If its not too late to add more, I will.

You may find you need to do your own load tests to get the most accurate information about compression and total storage requirements  Then calculate accurately how many iterations you will keep on Tier1 storage, and how many on tier two. And don't neglect indexes and syslog.

I did not trust IBM's initial estimates for migrating indexes from version 2.1 to version 8.4 on zOS, and I did my own estimates on my largest applications.  I think my growth was not double as predicted by IBM, but a factor a lot higher, five or ten perhaps.
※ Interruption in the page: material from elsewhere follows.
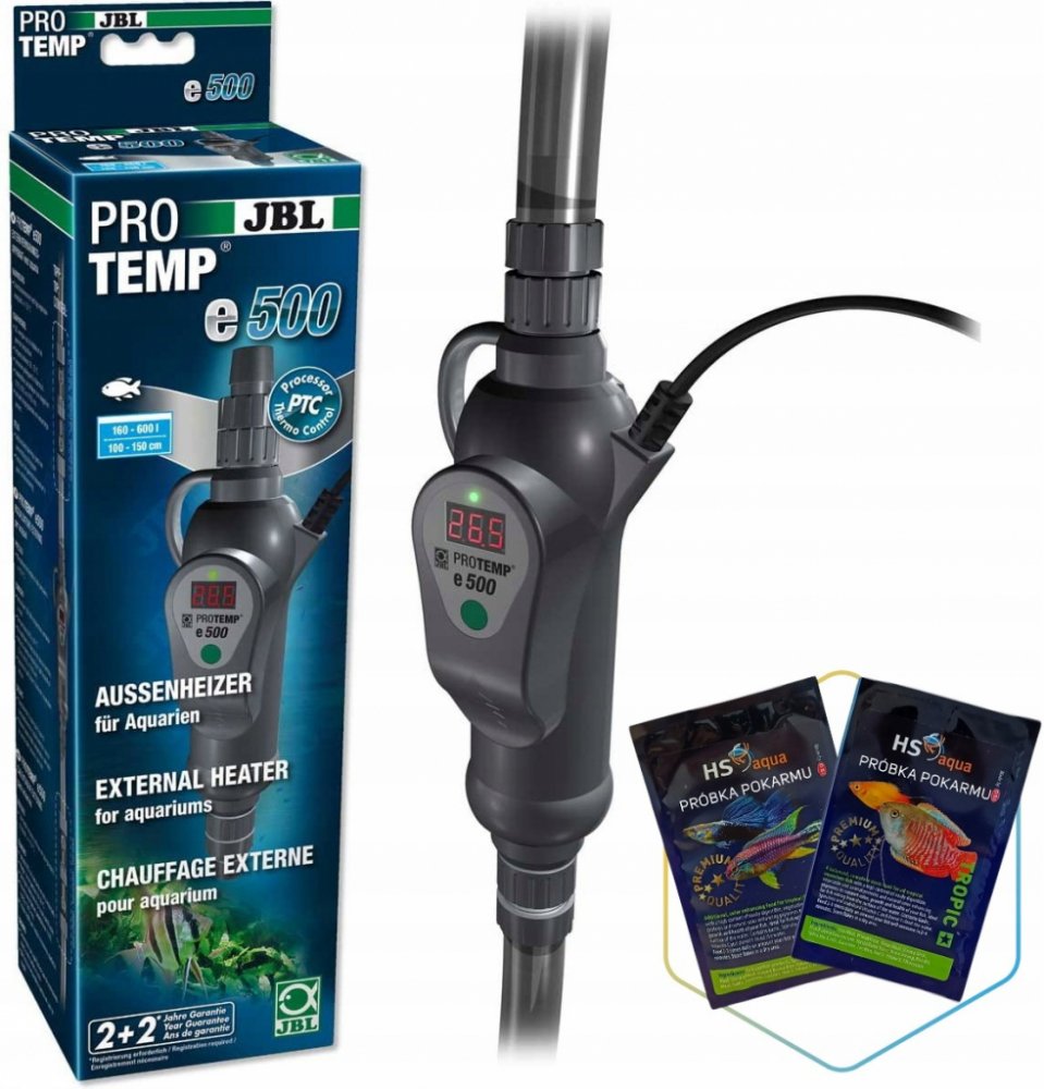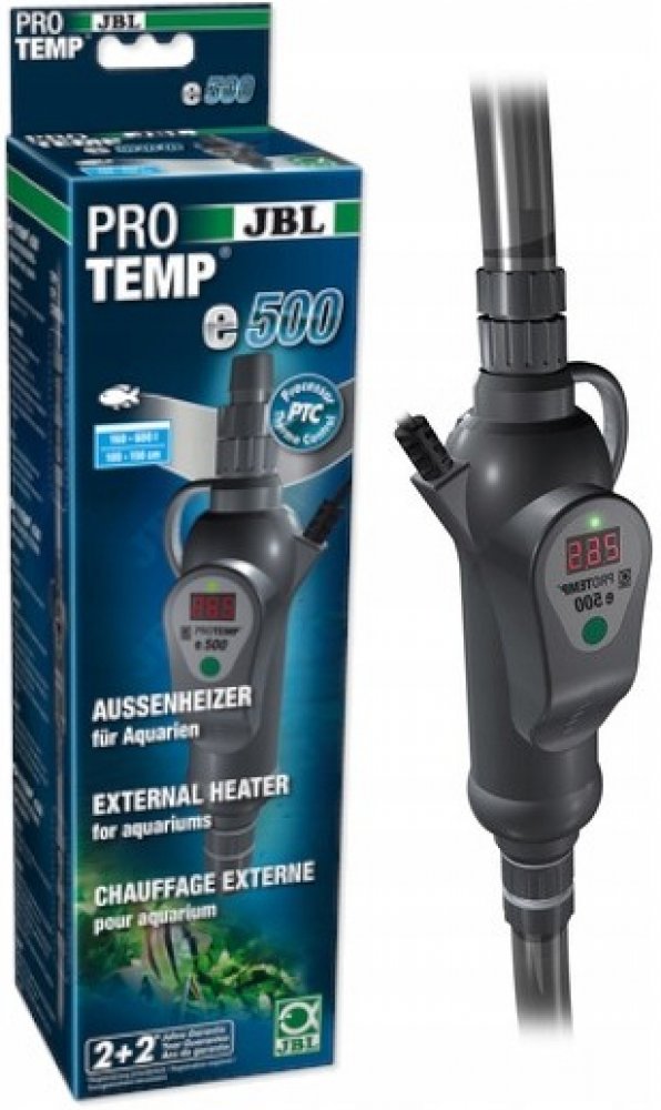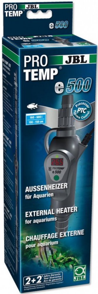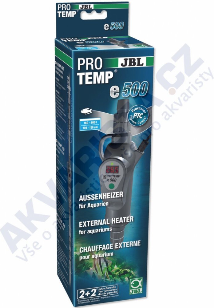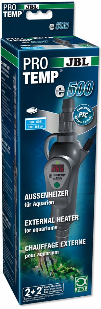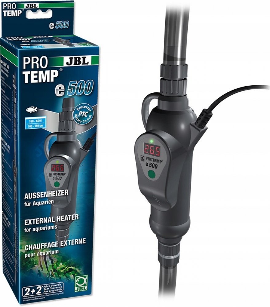 Obsah dodávky: 1 průtokový ohřívač 500 W pro akvária 160-600 l (100-150 cm) s přípojkami hadice na 12/16, 16/22 a 19/25 mm a čisticí kartáč

Calculating the entire migration, we did not have space to complete it.  I triple checked my numbers, and we ordered more storage in order to do the migration, which took about 18 MONTHS.  My estimates from samples were right on the money.

Then came Customer Service moving from AFP bills to PDFs on version 8.4.  Compression of PDFs is NOT good in 8.4, and we saw storage requirements go up by a factor of about sixty.  Again, we had to order more storage before we could go live with the new bills.  Cutting back to 4 months on tier1 from 8 months, and required to use partitioned table spaces, we use 94% to 95% of the 1 terabyte storage purchased for this.  We are migrating the bills to AIX with CMOD 8.5, where PDF compression is improved by 90% to 95%.  So 4 months data will shrink to between 50 and 100 Gigabytes.  To load PDFs, we currently use 8 virtual Windows servers to load 500 plus files a day in about 2 hours at 2:00 AM.  The file count is based on the maximum file size limitations, since our PDFs expanded on CMOD 8.4.   

What was fun about this, is that now when I make an estimate, its taken almost as gospel from day one.  I go back to my numbers and no one can argue about excessive estimates.  And I'm considered the major space hog, with the biggest databases we have.